Keşke söylemeseydin Biden!..

Kınıyorum…
Şiddetle, esefle ve hışımla kınıyorum.
Tamamen siyasi ve hasmanelik içeren bu söylem ve tanımı tanımıyorum.

Amerikan Yönetimi ve özellikle Biden, tarihsel gerçeklikten uzak/altı ve içi boş/nereden tutsan nahoş açıklamalarıyla Türk-Amerikan ilişkilerinde telafisi oldukça zor bir problematik başlatmıştır.
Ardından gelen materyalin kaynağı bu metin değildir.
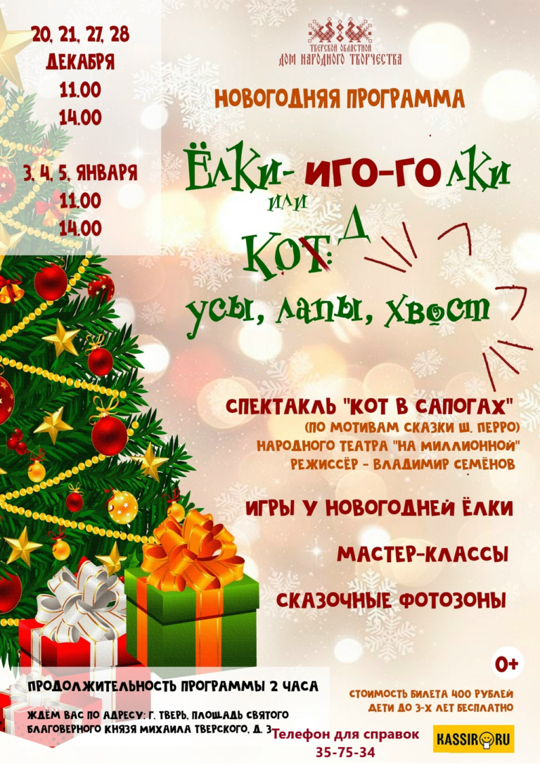 27 и 28 декабря Тверской областной Дом народного творчества (ТОДНТ) приглашает на новогоднюю программу «Ёлки-ИГО-ГОлки или КОТ(Д): усы, лапы, хвост» (0+). Маленькие зрители посмотрят спектакль «Кот в сапогах» по мотивам сказки Шарля Перо, а после смогут принять участие в представлении у новогодней елочки. Для гостей подготовлены сказочные фотозоны и увлекательные мастер-классы. Праздничная программа будет проходить в ТОДНТ и в новогодние выходные 3, 4 и 5 января.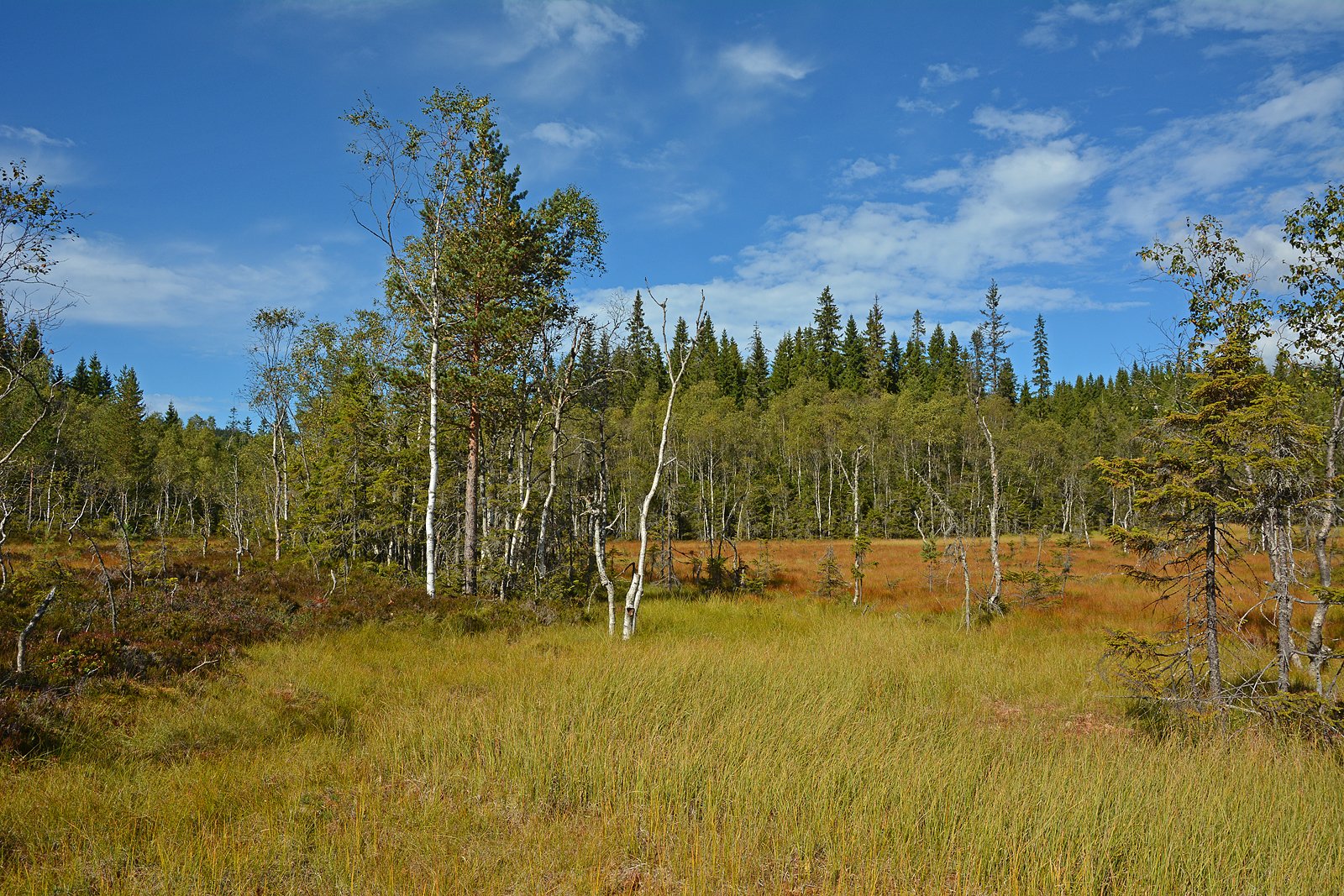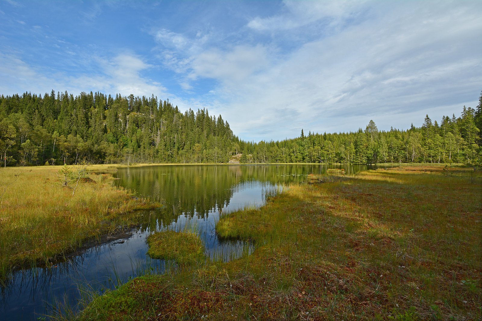 VESTRE OTERTJERN: Bildet viser Vestre Otertjern sett fra nordvestenden. Tjernet er omgitt av brede myrstrekninger overalt, unntatt langs vestbredden. Her er myra smal med upasserbare bløthull, og krattet langs kanten er tett og vanskelig å passere. Det er ikke å anbefale å gå langs vannet på denne siden. Rundt vannet ellers er det myr og flytetorver, vått, men ikke vanskelig å passere om man hele tiden planlegger noen skritt fremover. Litt til venstre for midten av bildet er myrtarmen til Østre Otertjern, hvor skiløypa krysser. Der ligger det stokker, men før det er det tuemyr som bekkesiget renner gjennom.

Ve ABD bunu, bile-isteye/bilinçli ve müttefikliğe yakışmayan bir düşmancılık içinde yapmıştır.

Peki ne olacak!..
Hayat devam ediyor.

ABD böyle dedi diye, karalar bağlamayacak/yas tutmayacak/yıkılmayacak ve önümüze bakacağız.

Kendince ülkemize ayar vermeyi/diz çöktürmeyi planlayan ABD bu yaklaşımıyla, Türkiye ve milletimizi daha da hırslandırmış/zindeleştirmiş ve hareketlendirmiştir.

"Yeni bir dünya kurulur, Türkiye de orada yerini alır" demiyorum.
Çünkü var olan dünyada Türkiye'nin yeri de belli/konumu da/stratejisi de…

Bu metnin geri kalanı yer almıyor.